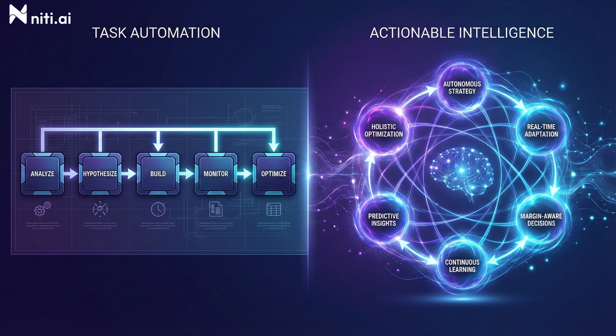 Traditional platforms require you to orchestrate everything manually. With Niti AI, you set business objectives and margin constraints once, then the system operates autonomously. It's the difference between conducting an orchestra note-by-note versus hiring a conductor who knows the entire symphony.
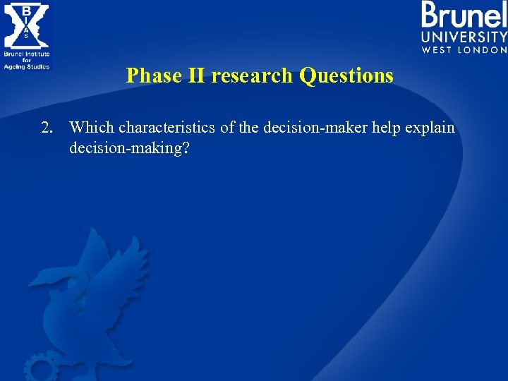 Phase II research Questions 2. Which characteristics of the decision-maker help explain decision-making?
****************
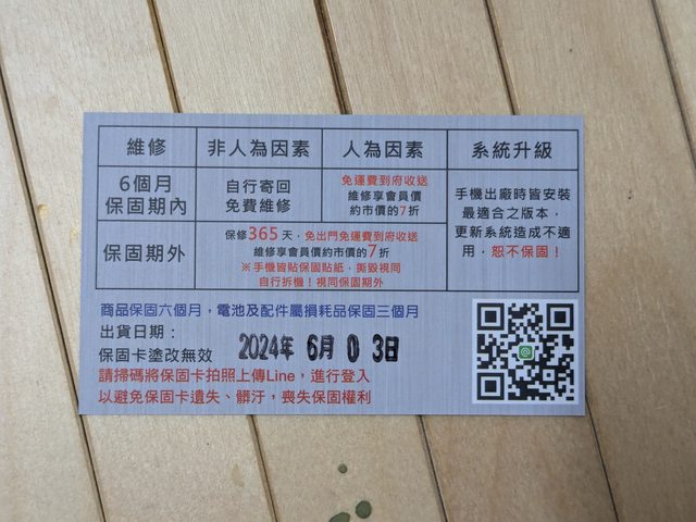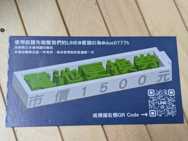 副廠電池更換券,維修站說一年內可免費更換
****************
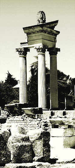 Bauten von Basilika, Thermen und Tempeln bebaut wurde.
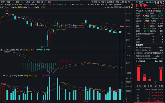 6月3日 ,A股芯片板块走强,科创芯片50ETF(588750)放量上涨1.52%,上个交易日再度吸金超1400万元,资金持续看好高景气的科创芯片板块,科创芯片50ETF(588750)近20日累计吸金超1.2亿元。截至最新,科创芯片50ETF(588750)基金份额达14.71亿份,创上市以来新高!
****************
■ **EXERCISE INSTRUCTIONS**
Nothing outside the stretch above, from the line with "Traditional platforms require" through the line with "Phase II research", is set down. Transcribe that stretch exactly, ends included, but not its pictures.

■ **WRITTEN REPLY**
 Traditional platforms require you to orchestrate everything manually. With Niti AI, you set business objectives and margin constraints once, then the system operates autonomously. It's the difference between conducting an orchestra note-by-note versus hiring a conductor who knows the entire symphony.
 Phase II research Questions 2. Which characteristics of the decision-maker help explain decision-making?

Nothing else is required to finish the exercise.